The AAPG/Datapages Combined Publications Database

AAPG Bulletin

Abstract


Volume: 57 (1973)

Issue: 5. (May)

First Page: 959

Last Page: 959

Title: Petrology and Paleogeography of Mississippian Madison Formation in Western Saskatchewan: ABSTRACT

Author(s): D. M. Kent

Article Type: Meeting abstract

Abstract:

In western Saskatchewan the Mississippian carbonate rocks may be categorized into 5 lithofacies, which individually or collectively can be used to assist the interpretation of the various environments of deposition. The five categories are: (1) impoverished calcareous mudstone, (2) skeletal calcareous mudstone, (3) micritic skeletal or nonskeletal sandstone, (4) poorly washed skeletal sandstone, and (5) calcite-cemented skeletal or nonskeletal sandstone.

The impoverished calcareous mudstones dominate the lower part of the Mississippian succession, particularly in the southern part of the study area, where they are composed of bituminous and argillaceous materials as well as nonargillaceous calcareous mudstones. The impoverished calcareous mudstones probably represent sediments deposited in water below wave base on the seaward side of the shelf edge.

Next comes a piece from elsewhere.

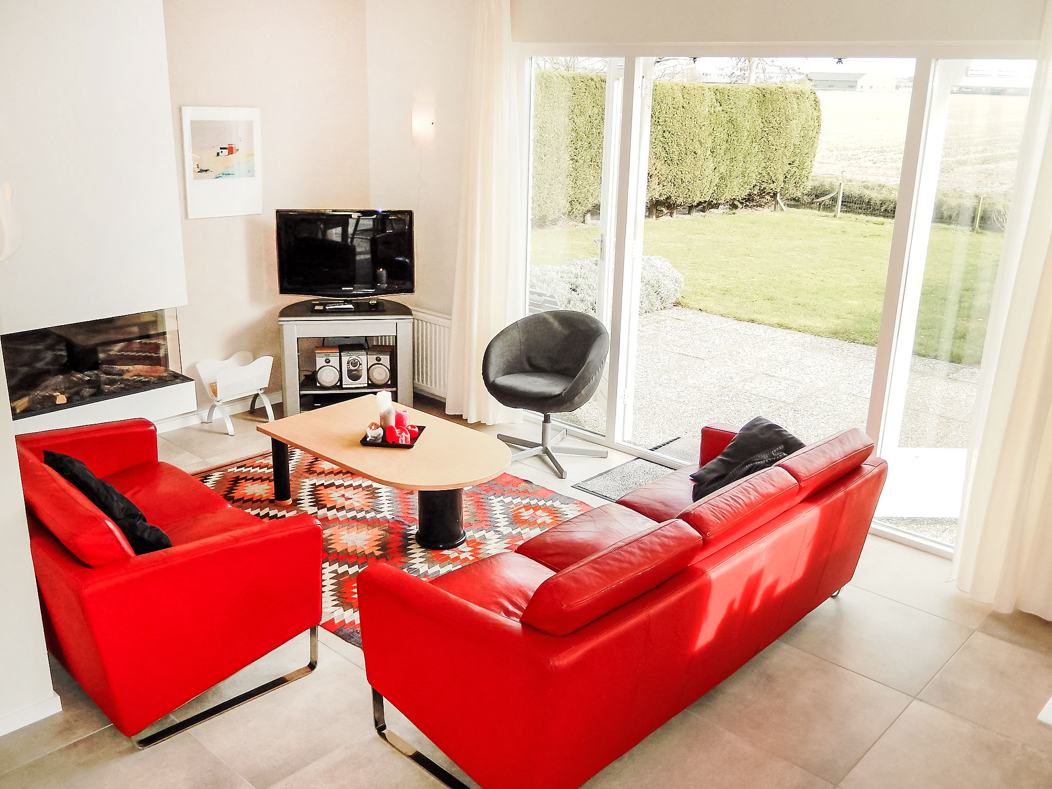 "Stern Comfort", 4-Zimmer-Haus 98 m2 auf 2 Stockwerken. Renoviert im Jahre 2015, komfortabel eingerichtet: Eingang. Wohn-/Esszimmer mit Esstisch, TV und DVD. Ausgang zur Terrasse. Offene Küche (4 Kochplatten, Geschirrspüler, Toaster, Wasserkocher, elektrische Kaffeemaschine, Kombinationsmikrowelle). Dusche/WC. Obergeschoss: 3 Doppelzimmer, jedes Zimmer mit 2 Betten. Terrassenmöbel. Zur Verfügung: Waschmaschine. Internet (Wireless LAN, gratis). Parkplatz (2 Autos) beim Haus. Bitte beachten: Nichtraucher-Haus. Rauchmelder. Haustier auf Anfrage.

Collectively, the skeletal lithofacies probably represent shelf-edge deposits. Calcite-cemented crinoidal sandstones accumulated as thick, elongate banks. The poorly washed sandstones are generally at the top and bottom of the banks and the interbank areas show outward gradations from micrite skeletal sandstones on the flanks of the banks to skeletal calcareous mudstones in the centers of the interbank areas. Micritic skeletal sandstones also form blanket deposits that commonly act as platforms upon which the crinoidal banks were built.

The nonskeletal sandstones (primarily composed of oolites) probably represent subtidal deposits on the shoreward side of the shelf edge. In the central part of western Saskatchewan they are present in the lower part of the succession and pass laterally southward into shelf-edge deposits. Farther south they are found at higher stratigraphic levels, and they are in lateral continuity with and overlie shelf-edge deposits. The relationships suggest a regression of open marine conditions from north to south.

If the Mississippian sequence of southeastern Saskatchewan is used as an analogy, a dolomite-evaporite facies representing a supratidal environment probably existed north of the subtidal deposits, that is, beyond the present subcrop edge of the Mississippian in western Saskatchewan.

This postulated distribution of facies suggests that possible hydrocarbon reservoirs similar to those of the Virden area of Manitoba are present in subtidal and shelf-edge deposits along the Mississippian subcrop in Saskatchewan.